◆ Exercise
Both the line containing "今回押し出したExtrusi" and the line containing "任務(wù) 1 : 編寫下圖半橢圓的加工程序, 毛坯為5" belong to the span. Output exactly that span from the listing below, and nothing outside it.

◆ Excerpted records

────────

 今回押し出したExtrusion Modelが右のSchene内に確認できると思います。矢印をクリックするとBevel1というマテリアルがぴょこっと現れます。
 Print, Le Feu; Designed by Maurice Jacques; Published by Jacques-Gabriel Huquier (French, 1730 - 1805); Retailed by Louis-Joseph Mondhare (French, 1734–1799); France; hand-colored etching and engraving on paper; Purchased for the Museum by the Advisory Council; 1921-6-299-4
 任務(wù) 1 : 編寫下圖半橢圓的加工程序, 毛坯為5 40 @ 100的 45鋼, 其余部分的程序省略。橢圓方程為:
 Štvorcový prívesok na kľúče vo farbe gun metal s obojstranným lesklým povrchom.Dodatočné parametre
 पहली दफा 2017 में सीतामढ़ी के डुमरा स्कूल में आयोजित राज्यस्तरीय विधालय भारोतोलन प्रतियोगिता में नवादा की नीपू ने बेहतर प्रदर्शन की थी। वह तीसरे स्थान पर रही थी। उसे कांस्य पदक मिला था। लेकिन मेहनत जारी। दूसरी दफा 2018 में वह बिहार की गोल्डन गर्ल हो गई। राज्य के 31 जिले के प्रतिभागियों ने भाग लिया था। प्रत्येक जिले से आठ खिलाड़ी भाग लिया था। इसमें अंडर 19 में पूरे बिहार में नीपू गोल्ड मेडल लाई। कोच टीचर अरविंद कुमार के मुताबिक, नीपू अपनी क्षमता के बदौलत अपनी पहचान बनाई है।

────────

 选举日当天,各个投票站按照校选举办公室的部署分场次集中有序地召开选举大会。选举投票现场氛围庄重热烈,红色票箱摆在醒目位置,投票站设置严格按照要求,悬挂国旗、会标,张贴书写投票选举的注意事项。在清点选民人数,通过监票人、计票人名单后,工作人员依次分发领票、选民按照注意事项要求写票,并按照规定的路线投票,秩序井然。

────────

◆ The answer
 今回押し出したExtrusion Modelが右のSchene内に確認できると思います。矢印をクリックするとBevel1というマテリアルがぴょこっと現れます。
 Print, Le Feu; Designed by Maurice Jacques; Published by Jacques-Gabriel Huquier (French, 1730 - 1805); Retailed by Louis-Joseph Mondhare (French, 1734–1799); France; hand-colored etching and engraving on paper; Purchased for the Museum by the Advisory Council; 1921-6-299-4
 任務(wù) 1 : 編寫下圖半橢圓的加工程序, 毛坯為5 40 @ 100的 45鋼, 其余部分的程序省略。橢圓方程為:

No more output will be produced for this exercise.